(Data extract)

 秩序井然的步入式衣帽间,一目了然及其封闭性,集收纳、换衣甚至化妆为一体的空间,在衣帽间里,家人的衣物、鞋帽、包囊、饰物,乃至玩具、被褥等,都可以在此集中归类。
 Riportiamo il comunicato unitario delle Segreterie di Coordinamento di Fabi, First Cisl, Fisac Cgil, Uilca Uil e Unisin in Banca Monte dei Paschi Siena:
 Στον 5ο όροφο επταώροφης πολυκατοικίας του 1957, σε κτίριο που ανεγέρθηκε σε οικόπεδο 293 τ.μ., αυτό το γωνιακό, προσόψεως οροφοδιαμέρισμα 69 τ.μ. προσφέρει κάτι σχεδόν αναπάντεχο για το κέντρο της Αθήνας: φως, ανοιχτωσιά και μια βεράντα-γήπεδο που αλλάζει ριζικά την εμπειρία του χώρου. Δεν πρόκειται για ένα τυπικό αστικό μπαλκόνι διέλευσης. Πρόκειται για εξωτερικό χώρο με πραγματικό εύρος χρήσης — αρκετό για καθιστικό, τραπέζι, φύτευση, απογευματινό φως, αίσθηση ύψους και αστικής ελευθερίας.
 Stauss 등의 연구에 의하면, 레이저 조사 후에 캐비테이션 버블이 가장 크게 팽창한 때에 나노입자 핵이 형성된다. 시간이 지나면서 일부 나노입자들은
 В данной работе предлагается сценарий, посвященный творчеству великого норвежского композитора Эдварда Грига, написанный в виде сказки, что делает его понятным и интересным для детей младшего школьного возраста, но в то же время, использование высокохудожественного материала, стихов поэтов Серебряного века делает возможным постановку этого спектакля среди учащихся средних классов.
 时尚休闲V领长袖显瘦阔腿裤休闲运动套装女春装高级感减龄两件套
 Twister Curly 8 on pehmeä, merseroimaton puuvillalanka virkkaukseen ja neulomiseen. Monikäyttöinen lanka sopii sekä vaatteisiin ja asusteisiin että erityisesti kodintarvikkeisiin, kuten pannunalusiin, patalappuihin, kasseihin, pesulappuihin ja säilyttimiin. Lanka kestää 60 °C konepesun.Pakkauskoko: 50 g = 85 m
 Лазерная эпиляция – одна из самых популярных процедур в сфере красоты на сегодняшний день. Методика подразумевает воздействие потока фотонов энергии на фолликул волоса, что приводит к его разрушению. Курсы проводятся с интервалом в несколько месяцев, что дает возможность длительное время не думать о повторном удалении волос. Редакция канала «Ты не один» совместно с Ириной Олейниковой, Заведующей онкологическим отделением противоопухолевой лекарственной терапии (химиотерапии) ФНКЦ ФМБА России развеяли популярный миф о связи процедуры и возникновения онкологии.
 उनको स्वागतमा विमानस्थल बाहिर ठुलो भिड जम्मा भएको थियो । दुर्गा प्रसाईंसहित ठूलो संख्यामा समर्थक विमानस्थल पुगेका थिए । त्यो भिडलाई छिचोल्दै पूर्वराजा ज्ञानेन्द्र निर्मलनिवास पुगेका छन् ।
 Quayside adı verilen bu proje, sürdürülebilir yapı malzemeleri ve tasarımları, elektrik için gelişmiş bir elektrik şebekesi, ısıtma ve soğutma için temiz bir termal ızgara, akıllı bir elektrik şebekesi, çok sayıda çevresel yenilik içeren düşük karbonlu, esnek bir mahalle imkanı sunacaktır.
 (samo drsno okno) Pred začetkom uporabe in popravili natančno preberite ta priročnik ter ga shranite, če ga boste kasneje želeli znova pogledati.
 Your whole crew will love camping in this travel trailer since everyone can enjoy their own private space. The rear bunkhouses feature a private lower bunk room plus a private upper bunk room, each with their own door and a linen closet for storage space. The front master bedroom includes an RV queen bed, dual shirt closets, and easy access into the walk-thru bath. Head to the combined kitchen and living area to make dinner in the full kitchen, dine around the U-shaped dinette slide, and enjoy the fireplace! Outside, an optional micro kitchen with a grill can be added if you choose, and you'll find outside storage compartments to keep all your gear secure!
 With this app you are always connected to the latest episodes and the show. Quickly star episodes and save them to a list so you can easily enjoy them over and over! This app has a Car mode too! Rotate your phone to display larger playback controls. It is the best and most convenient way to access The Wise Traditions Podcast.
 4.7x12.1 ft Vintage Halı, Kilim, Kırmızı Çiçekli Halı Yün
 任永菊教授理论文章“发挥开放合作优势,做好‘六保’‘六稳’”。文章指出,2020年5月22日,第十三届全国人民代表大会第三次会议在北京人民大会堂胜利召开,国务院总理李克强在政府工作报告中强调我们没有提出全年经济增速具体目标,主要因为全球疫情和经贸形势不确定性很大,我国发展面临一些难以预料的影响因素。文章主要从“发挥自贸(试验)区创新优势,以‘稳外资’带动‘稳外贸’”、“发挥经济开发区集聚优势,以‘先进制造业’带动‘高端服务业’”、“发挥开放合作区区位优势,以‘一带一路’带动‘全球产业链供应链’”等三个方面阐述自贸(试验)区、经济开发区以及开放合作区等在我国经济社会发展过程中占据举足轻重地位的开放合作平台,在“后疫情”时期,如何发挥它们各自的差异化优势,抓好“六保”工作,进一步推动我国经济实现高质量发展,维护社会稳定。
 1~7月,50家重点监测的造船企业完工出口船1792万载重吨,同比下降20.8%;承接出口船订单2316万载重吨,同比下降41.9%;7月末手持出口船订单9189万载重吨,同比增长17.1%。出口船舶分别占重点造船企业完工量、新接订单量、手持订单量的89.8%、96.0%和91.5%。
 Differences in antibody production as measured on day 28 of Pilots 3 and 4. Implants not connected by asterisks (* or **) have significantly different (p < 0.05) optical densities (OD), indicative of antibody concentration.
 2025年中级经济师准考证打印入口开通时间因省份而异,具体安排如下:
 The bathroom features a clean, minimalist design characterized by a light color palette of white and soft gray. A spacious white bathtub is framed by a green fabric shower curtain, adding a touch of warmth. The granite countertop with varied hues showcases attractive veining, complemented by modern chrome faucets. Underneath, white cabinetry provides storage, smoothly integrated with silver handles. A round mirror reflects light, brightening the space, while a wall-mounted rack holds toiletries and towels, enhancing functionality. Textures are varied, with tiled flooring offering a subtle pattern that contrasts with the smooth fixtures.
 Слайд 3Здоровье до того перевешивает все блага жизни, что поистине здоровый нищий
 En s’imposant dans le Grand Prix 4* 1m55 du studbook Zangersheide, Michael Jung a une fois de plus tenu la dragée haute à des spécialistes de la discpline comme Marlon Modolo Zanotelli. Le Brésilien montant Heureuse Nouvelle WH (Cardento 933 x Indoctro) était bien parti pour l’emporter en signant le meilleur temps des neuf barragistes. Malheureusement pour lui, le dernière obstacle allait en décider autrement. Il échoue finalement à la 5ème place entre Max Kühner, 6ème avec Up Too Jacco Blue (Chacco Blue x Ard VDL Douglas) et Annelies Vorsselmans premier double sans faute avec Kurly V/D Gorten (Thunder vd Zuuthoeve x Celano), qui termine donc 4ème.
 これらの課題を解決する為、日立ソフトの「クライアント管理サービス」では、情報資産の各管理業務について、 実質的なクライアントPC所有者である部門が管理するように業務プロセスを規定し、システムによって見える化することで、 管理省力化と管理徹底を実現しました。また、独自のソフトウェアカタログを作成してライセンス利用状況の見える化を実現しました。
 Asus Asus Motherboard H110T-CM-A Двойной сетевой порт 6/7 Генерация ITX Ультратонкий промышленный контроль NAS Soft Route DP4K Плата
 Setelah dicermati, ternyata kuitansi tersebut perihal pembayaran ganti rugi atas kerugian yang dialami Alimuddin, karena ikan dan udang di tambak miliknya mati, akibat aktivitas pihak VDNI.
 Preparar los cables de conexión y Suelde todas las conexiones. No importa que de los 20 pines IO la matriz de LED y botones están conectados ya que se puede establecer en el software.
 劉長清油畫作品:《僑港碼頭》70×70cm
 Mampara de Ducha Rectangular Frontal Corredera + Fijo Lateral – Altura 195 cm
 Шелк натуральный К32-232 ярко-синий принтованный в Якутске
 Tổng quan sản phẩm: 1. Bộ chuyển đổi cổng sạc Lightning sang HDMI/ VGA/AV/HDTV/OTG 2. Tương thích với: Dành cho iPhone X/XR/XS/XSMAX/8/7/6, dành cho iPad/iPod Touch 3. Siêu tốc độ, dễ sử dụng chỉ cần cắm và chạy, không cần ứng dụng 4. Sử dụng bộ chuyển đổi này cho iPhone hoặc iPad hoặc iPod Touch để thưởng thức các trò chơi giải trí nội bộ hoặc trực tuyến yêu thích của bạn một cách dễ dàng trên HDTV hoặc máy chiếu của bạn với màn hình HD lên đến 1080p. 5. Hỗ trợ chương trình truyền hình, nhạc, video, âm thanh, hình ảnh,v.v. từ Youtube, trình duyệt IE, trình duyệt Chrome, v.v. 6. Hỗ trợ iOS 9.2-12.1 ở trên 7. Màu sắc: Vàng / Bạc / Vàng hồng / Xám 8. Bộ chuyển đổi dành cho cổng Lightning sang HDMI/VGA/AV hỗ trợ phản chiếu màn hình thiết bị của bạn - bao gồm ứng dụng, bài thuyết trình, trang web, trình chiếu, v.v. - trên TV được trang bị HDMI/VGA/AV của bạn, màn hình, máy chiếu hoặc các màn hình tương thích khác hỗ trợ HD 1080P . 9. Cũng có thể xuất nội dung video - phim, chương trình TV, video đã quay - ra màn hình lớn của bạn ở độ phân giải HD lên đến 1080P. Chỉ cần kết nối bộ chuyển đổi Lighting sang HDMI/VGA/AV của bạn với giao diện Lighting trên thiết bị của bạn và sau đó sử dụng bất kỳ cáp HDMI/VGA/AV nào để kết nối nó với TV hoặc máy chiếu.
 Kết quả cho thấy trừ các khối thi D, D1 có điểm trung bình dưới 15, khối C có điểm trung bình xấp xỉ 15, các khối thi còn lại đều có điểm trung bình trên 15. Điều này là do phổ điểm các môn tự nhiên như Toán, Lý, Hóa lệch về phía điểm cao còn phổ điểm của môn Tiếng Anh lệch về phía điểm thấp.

(End Data extract)

### What you need to do
A word-for-word copy of the lines above from the one with "Asus Asus Motherboard" through the one with "Шелк натуральный К32-232", inclusive, is the only output wanted.

### Written solution
 Asus Asus Motherboard H110T-CM-A Двойной сетевой порт 6/7 Генерация ITX Ультратонкий промышленный контроль NAS Soft Route DP4K Плата
 Setelah dicermati, ternyata kuitansi tersebut perihal pembayaran ganti rugi atas kerugian yang dialami Alimuddin, karena ikan dan udang di tambak miliknya mati, akibat aktivitas pihak VDNI.
 Preparar los cables de conexión y Suelde todas las conexiones. No importa que de los 20 pines IO la matriz de LED y botones están conectados ya que se puede establecer en el software.
 劉長清油畫作品:《僑港碼頭》70×70cm
 Mampara de Ducha Rectangular Frontal Corredera + Fijo Lateral – Altura 195 cm
 Шелк натуральный К32-232 ярко-синий принтованный в Якутске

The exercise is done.